Condé Nast’s Eric Gillin on brand building, listening, and solving problems

 

Eric Gillin ()

 

Late last month, Gillin moved from Condé Nast’s lifestyle division, which includes Architectural Digest, Bon Appetit, and Self, to the culture division, which includes which includes The New Yorker, Wired, and Ars Technica.

Gillin explained that the advent of digital platforms and spaces have created an existential crisis for some publishers.  “We used to, as print publishers, own a fairly direct connection with the consumer and over the last 15 years, that’s all been sort of interrupted. So, I think people have this existential crisis of like, what am I doing with this brand if this brand is not magazine?”

Brands solve problems people have, Gillin said, adding magazine is about a platform and brand is sort of what that magazine is doing, “A lot of magazines are defined by a topic, voice, tone or, or those types of things,” he said. “But when I look at brands, brands are about solving problems and then it really becomes about the users that you’re attracting through that brand.”

He explained that he looks at platforms and how can brands in themselves inhabit platforms like print, TikTok, TV, digital videos, events and experiential. “All these different outlets or places where publishers can distribute content potentially are a place where you’re rain may or may not want to play. Anywhere your brand reaches a customer, in my mind, is a platform.” 

Gillin said that his work involves trying to figure out how to how brands should interact with platforms. “What I ended up focusing on more often than anything else is the people, the people that support that brand currently, who are they? What do they love about it? What did they not love about it? And then there’s a little bit of a future focus: Who should be liking this brand? Where are they?”

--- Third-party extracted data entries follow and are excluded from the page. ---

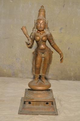 | Description / विवरण | Standing in tribangha.Karanta makuta, padre kundala, Devoid of kuja bandha 2 ahands right lola left lotus. |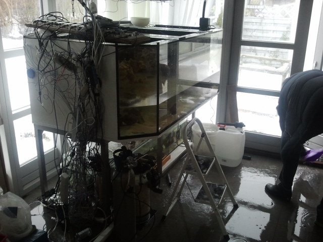 Så gik bunden på akvaret øv øv øv og vand i hele havestuen og alt elektronik er brændt af.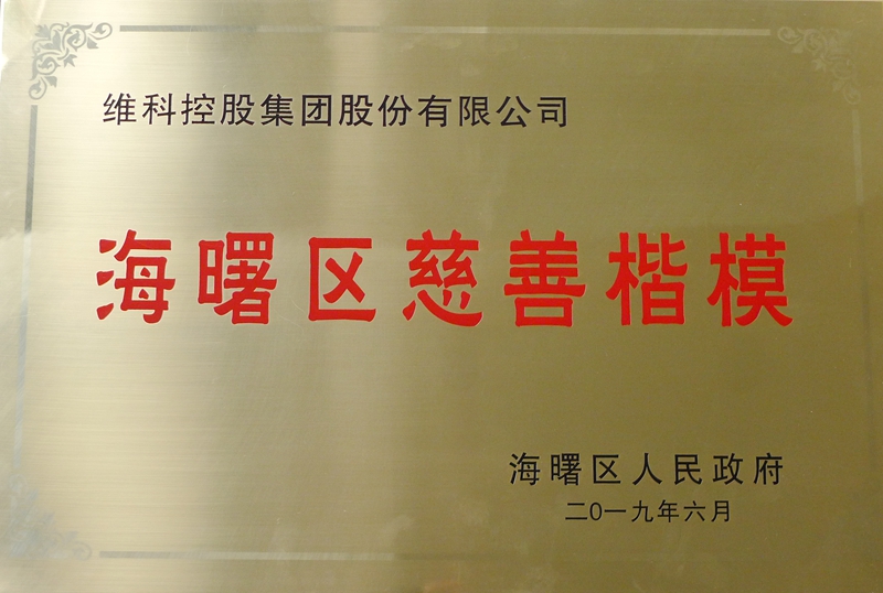 2019年6月11日午後、海曙區(qū)政府は2019年慈善活動(dòng)會(huì)議を開催した。団結(jié)互助、貧困扶助の慈善文化を大いに発揚(yáng)し、社會(huì)各界の公益に熱心で、貢獻(xiàn)に好む良好な気風(fēng)を唱道するため、會(huì)儀中海曙區(qū)人民政府は公益慈善分野で際立った貢獻(xiàn)をした企業(yè)?事業(yè)體、郷鎮(zhèn)、街道、コミュニティ及び個(gè)人を表彰し、維科持株グループ株式會(huì)社は「海曙區(qū)慈善模範(fàn)」の稱號(hào)を獲得した。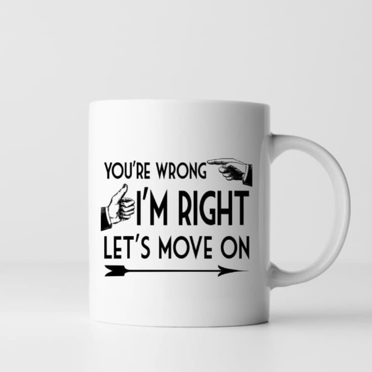 This fun mug by Find Me A Gift is the perfect Birthday present for over confident know-it-alls...and your good self of course! With 'YOU'RE WRONG I'M RIGHT LET'S MOVE ON' and a dash of vintage whimsical styling, our funny coffee mugs are perfect for work or home. Whether you are looking for Secret Santa gifts or funny presents for mum, the You're Wrong I'm Right Mug is ideal. Each mug is made to order and features the same artwork front and back, so that everyone can appreciate your great taste and wit.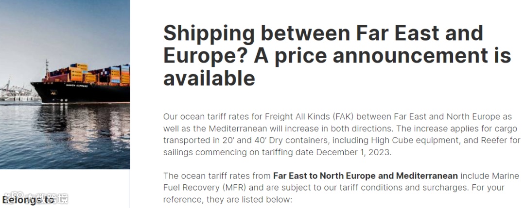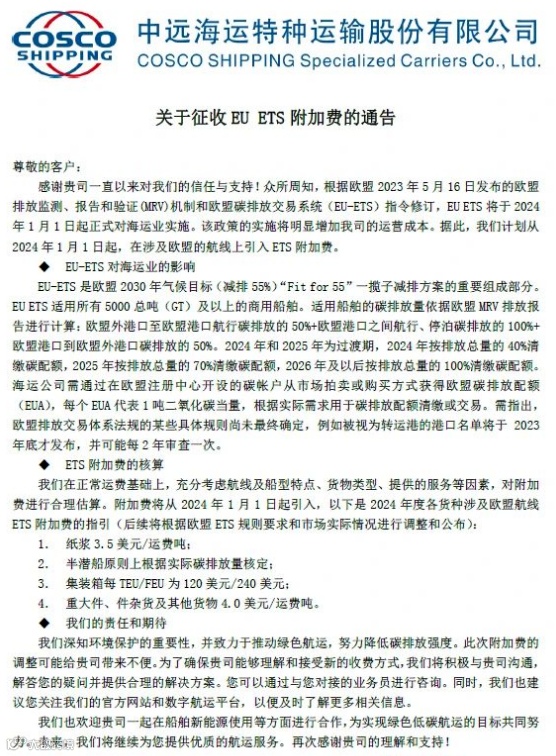 鉴于欧盟碳排放交易系统(EU-ETS)将于2024年1月1日起正式对海运业实施,将明显增加其运营成本,因此,该公司计划从2024年1月1日起,在涉及欧盟的航线上引入ETS附加费。

Great brands speak to specific audiences of people on various platforms. Take, for example, Condé Nast’s Bon Appétit. Gillin spent seven years with Bon Appétit, and he explained that when Editor-in-Chief Adam Rapoport  added a different element to the magazine, lifestyle events, which cultivated new audiences.

 

Have conversations, listen

“(Adam) added a whole new ingredient to that magazine,” Gillin said. “And that was where food and culture meet. It wasn’t just what was on the plate, it was about what was around the plate, and that expanded the world of that magazine. Now, if you’re a hardcore recipe lover, you might not have loved this other stuff that he added. But if you’re someone that isn’t just focused on what’s on the plate, he added a whole new dimension for you to sort of embrace.”

Bon Appétit’s extensions of the brands onto platforms were something that evolved over time.

“We had this great magazine and I think the first place where we really clicked was Twitter. The tone of the magazine and the writing of the magazine extended nicely to tweets and people thought it was a really clever feed,” Gillin said. “The next thing we did was extend the brand that was great in photography to Instagram. So, we just kept trying new things without over-committing.”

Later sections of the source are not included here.